Prey believes that the foundation is there, though, for making those connections between students’ lives and the engineering profession. And it all begins with the right mindset.
“Facts, anybody can learn. It’s how you apply those facts and how you can solve problems. That’s hard to teach,” she said. “Solving a problem is a lot of experience and the opportunity to think out of the box. And so we have to teach kids how to think.”
Several years ago, she attended a talk sponsored by the Department of Education. A group from the Singapore government was there as well. Singapore is known for its educational achievements in math and engineering, she said, but its representatives were there to learn from the United States about teaching creativity.

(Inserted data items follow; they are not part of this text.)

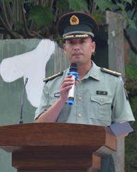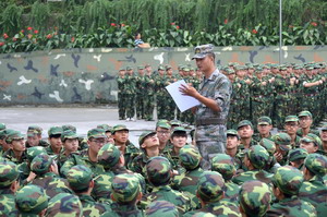 动员大会在庄严的《中国人民解放军军歌》声中拉开序幕。军训团参谋长何强在动员大会上致辞。他讲到:相信在学院领导、老师的信任和支持下,在参训学员的积极配合下,全体官兵有信心、有决心圆满完成任务,达到预期目标。他提出三点要求:一是合理安排、讲究方法、科学施训;二是对照标准、文明施训、提高效率;三是希望受训学生做好准备,积极面对、挑战自我,勇于胜利,充分展现当代青年学生朝气蓬勃、乐观向上的精神面貌和热血豪情。
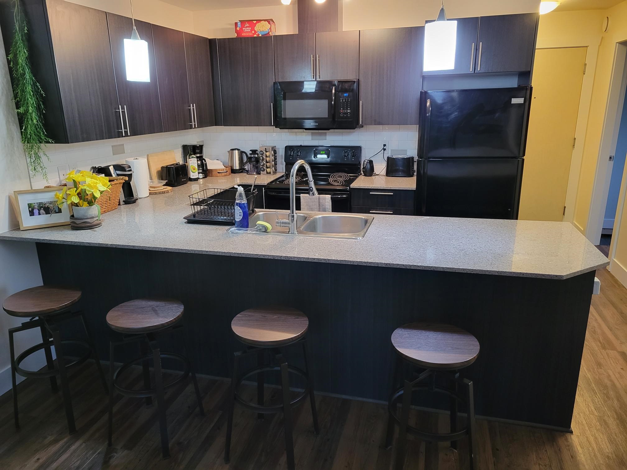 RARE!! TOP FLOOR PENTHOUSE CORNER UNIT WITH PEACEFUL & PRIVATE LOCATION!! You will Love the Bright Open Concept with 1 Bdrm & Den, Granite countertops, Laminate flooring, Freshly painted, New Custom Blinds & Washer & Dryer, Vaulted Ceilings in the Living Room and Beautiful Spacious Patio! Located just steps to Shopping, Boutiques, Fabulous Restaurants & easy access to Hwy 1. Pets & Rentals Allowed-1 Dog (No Size Restriction) or 2 Cats. BONUS!! Comes with 2 Secure Parking Stalls & Storage Locker!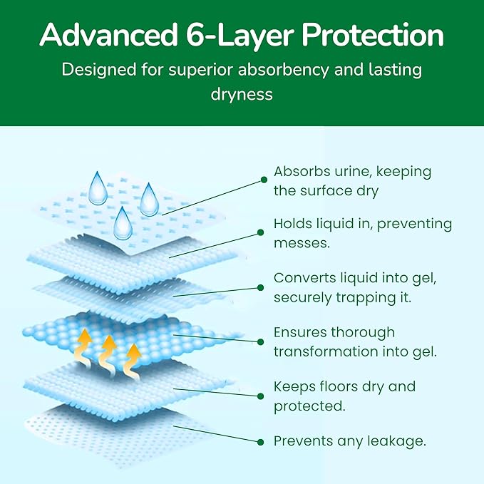 - 6 Layers of Absorbency - Pet N Pet’s pads offer 6 layers of protection, keeping leaks away and your pet’s space dry and comfortable.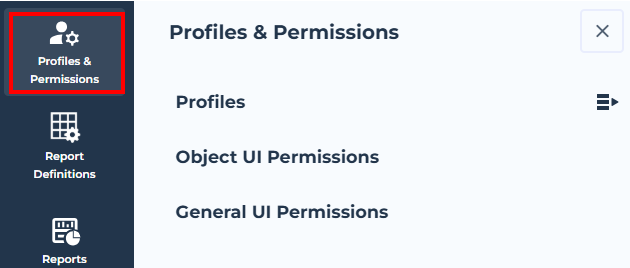 The Profiles & Permissions navigation menu enables management of UI access for the complete environment and for each Set of UI access rights: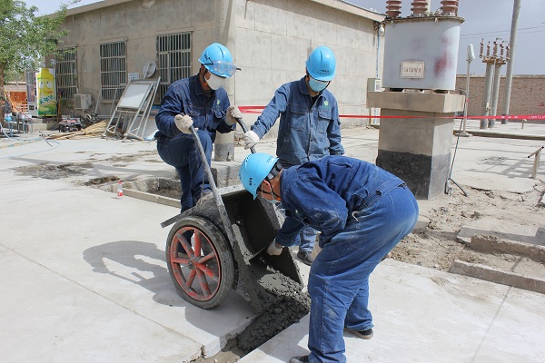 中國電力網(wǎng)訊 “快拉一車混凝土過來,這里還需要一車,大家都把混凝土鏟平了”,4月22日,新疆生產(chǎn)建設(shè)兵團(tuán)第一師電力有限責(zé)任公司輸變電工區(qū)組織職工自己動(dòng)手美化家園,員工們都拿著鐵鍬、刮刀等工具在院內(nèi)修補(bǔ)地坪,讓家園更美、更靚。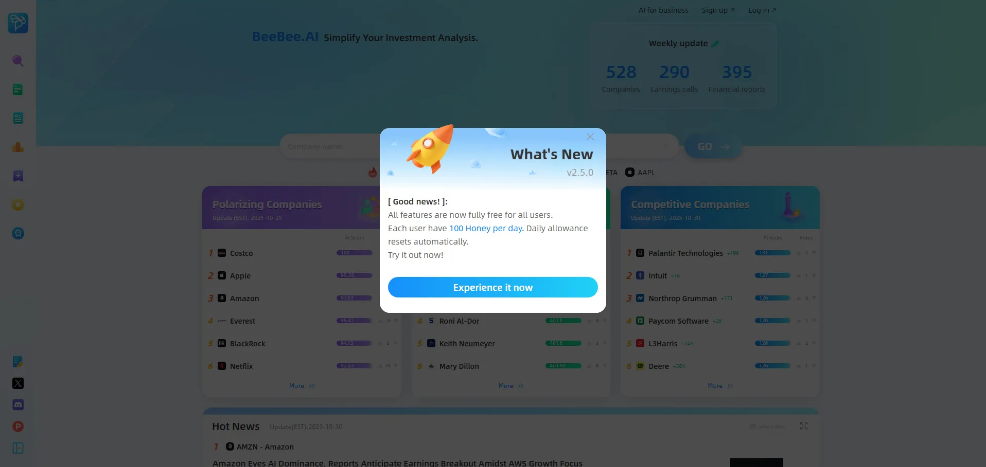 BeeBee Ai es una plataforma de análisis de inversiones impulsada por inteligencia artificial. Diseñada para centrarse en tendencias a largo plazo, ofrece resúmenes semanales de resultados financieros, informes de empresas, perfiles de CEOs influyentes y comparativas competitivas. Con puntuaciones diarias de IA, votaciones y clasificaciones trimestrales, BeeBee Ai brinda una visión integral del mercado, permitiendo a los inversores tomar decisiones estratégicas basadas en datos precisos.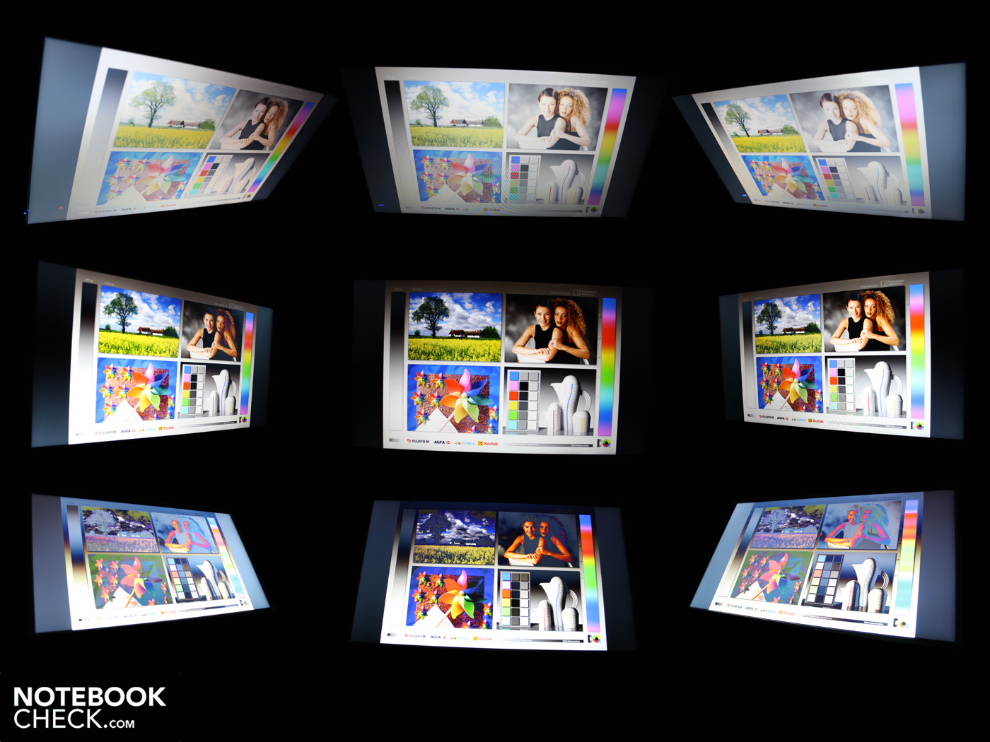 Horizontal können wir bis zu 40 Grad von der Frontalen abweichen, dann erst dunkelt die Anzeige ab und Farben verfälschen. Vertikal beginnt der Effekt schon bei geringster Abweichung von 15 Grad. Das Bild dunkelt dann deutlich ab und die Farben invertieren. Heftigste Einschränkungen erleben wir beim seitlichen Blick von Oben oder Unten. Wenn sich mehrere Personen einen Film oder Fotos ansehen, so hat der eine oder andere Schwierigkeiten, ein gutes Bild zu erkennen.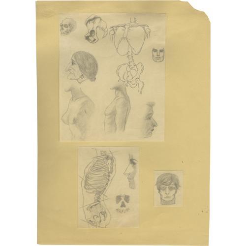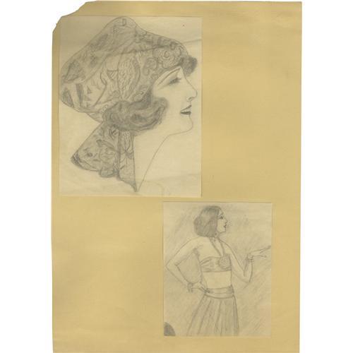 <B>Natacha Rambova Two-Sided Panel with Pencil Sketches, Including a Drawing of Conrad Veidt from "Cabinet of Dr. Caligari."</B></I> The dark side of Natacha Rambova reveals itself in this fascinating two-sided, pencil-sketched panel, dating from the early 1920s. One side features two profile drawings of attractive young ladies, circa 1922, one smiling, one dancing. The other side gets creepy: a crone, a skull face, male and female torsos and profiles, skeletons, and -- most notably -- a superb sketch of Conrad Veidt as Cesare, the "somnambulist" of the milestone horror film <I>The Cabinet of Dr. Caligari</B></I> (1920). The Veidt drawing is small (2" x 2") but has outstanding detail, especially in its shadowy and frightening eyes. An art study of a notable actor in an iconic performance, drawn by another famed cinema personality of the era, makes this very desirable indeed -- especially considering the highly collectible classic horror genre. Very Fine condition. This is truly haunting artwork, created by a notorious "dark lady" of early Hollywood.<BR><BR><b>Shipping:</b> Flat Material, Small (<a target="_blank" href="http://www.heritageauctions.com/common/shipping.php">view shipping information</a>)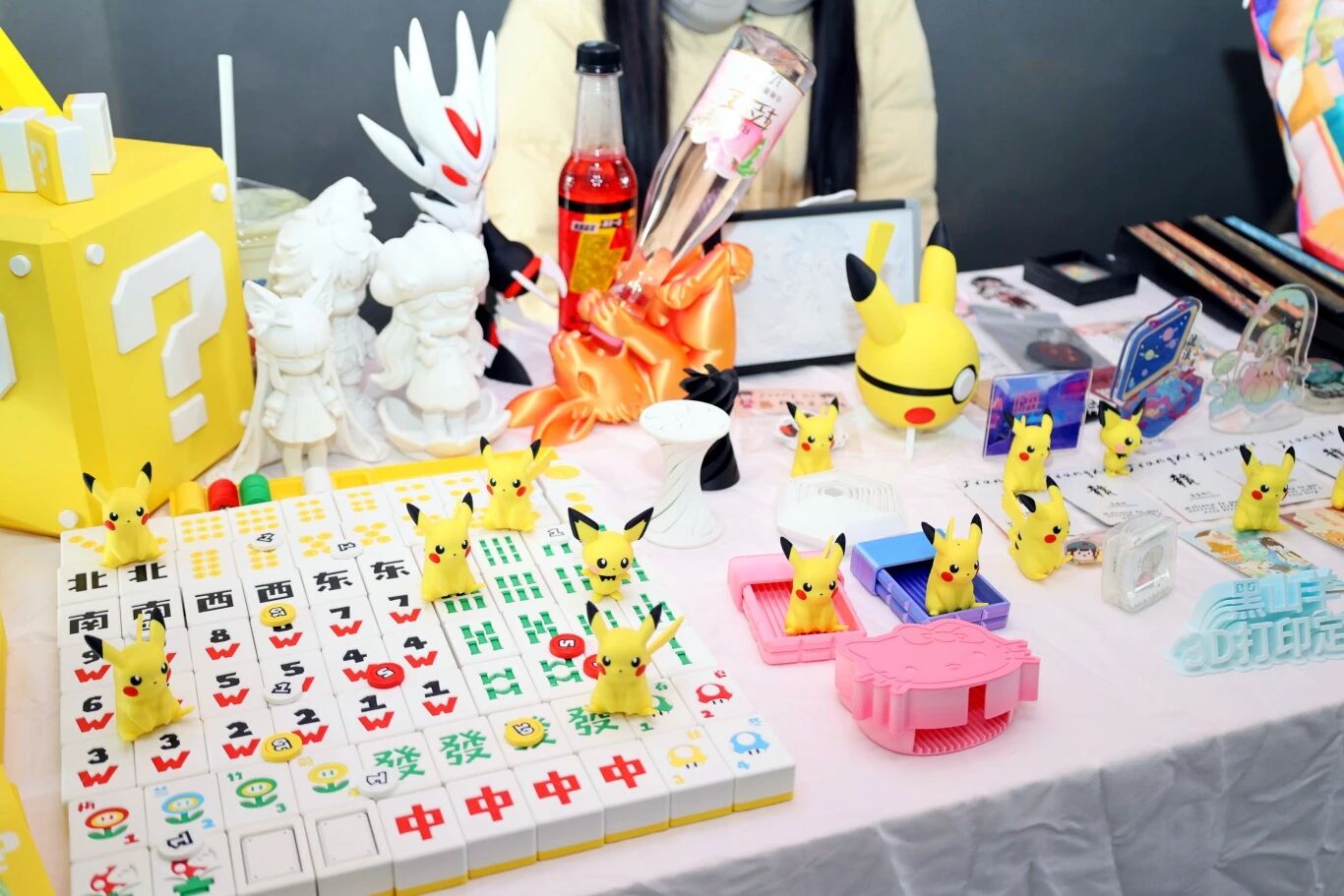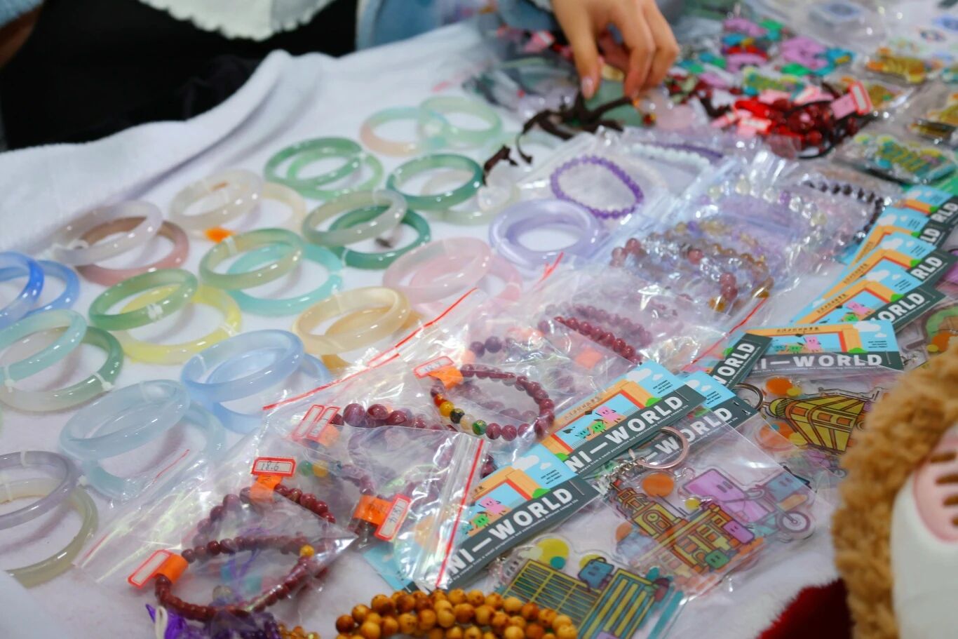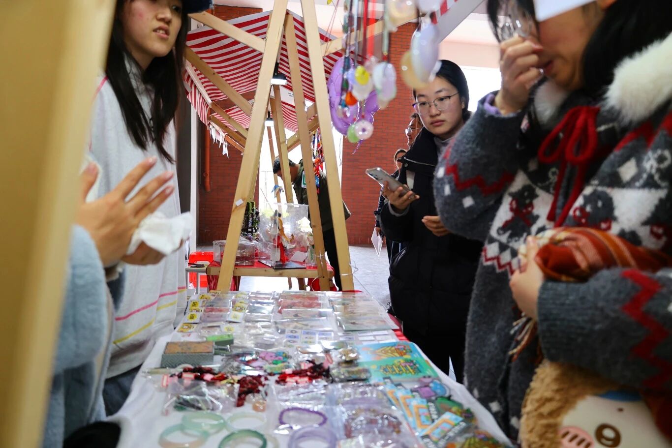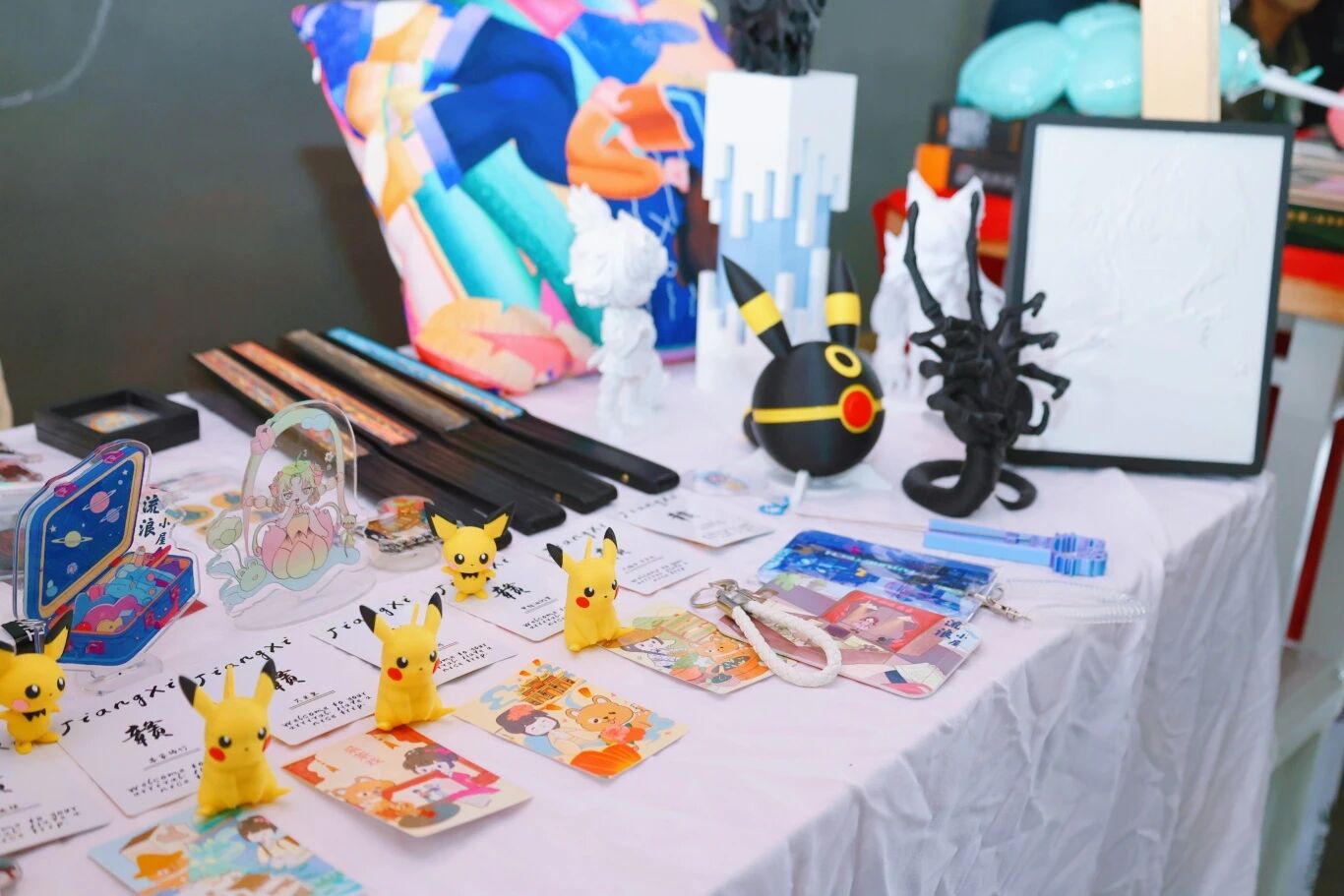 签约仪式后,与会领导与嘉宾共同参观了文创潮玩周摊位展览。本次展览作品丰富多元,涵盖地域特色文创、原创手作、轻珠宝配饰、趣味周边四大类别,充分展现青年学子的创意与巧思。在创意手办摊位前,2023级视觉传达设计专业学生李林介绍道:“本次展品均为个人制作,筹备了多款热门角色系列,同时面向师生提供专属定制服务。”

“How do you enhance creativity and free-thinking in your classroom? They were concerned because their kids are really good at learning how to do math, doing calculus,” she said. “It’s not just about learning the facts. It’s about learning how you apply them, and when you apply them, and where you apply them. And that’s the hard part to teach.”
New technologies also will play a greater role in education, helping to develop these critical thinking skills and making the connections between engineering and everyday life. As part of Microsoft Research, Prey led the Tablet Technologies in Higher Education initiative, taking early notice of the vital role that tablets could play in education. Virginia Tech, where she was a member of the Dean’s Advisory Board, is an all-tablet engineering school.
“When you walk in the door, the tablet is handed to you as part of your entrance welcome bag. And they use it in the classroom, and their faculty has embraced it to the point where they’ve redone their course assignments, their classroom presentations, and whatever to try to leverage the technology to help students learn better, easier, faster,” she said.
There’s still room for improvement in reaching younger female students, though. For example, the College Board reports that only 4157 of the 22,176 students who took the 2011 Advanced Placement Computer Science exam were female.3 Prey believes that opportunities are out there for young women and that they should be encouraged to follow them.
“At Microsoft, there are probably 3000 or 4000 developer jobs right now in Seattle that they can’t fill because they can’t find qualified people,” Prey said, and she knows from experience, as she was part of the team that developed Microsoft Research’s Gender Diversity and Pipeline Strategy as well. “It’s not that there aren’t people applying for jobs. It’s that they aren’t at a level that we need them to be at in order to have them do work.”
By encouraging more young women to pursue engineering, Prey says, we add both depth and quality to that pool of talent, improving engineering and society alike. But before that can happen, we need to encourage their curiosity and support them as they explore the field.
“We need to teach them early on that learning never stops,” Prey said, “that the most interesting part of your job is the thing that you don’t know yet.”
1. “Engineering by the Numbers,” Brian L. Yoder, PhD, http://www.asee.org/papers-and-publications/publications/college-profiles/2011-profile-engineering-statistics.pdf
2. Bureau of Labor Statistics, http://bls.gov/cps/cpsaat11.pdf
Jane Prey is a member of the IEEE Computer Society Board of Governors. She also is a member of the group’s Educational Activities Board and Membership and Outreach Board. She graduated from the University of Illinois at Urbana-Champaign and holds a PhD from the University of Virginia. She was a faculty member in the Computer Science Department at the University of Virginia before going to Microsoft Research. Currently, she is at the National Science Foundation, on loan from the Atlas Institute at the University of Colorado.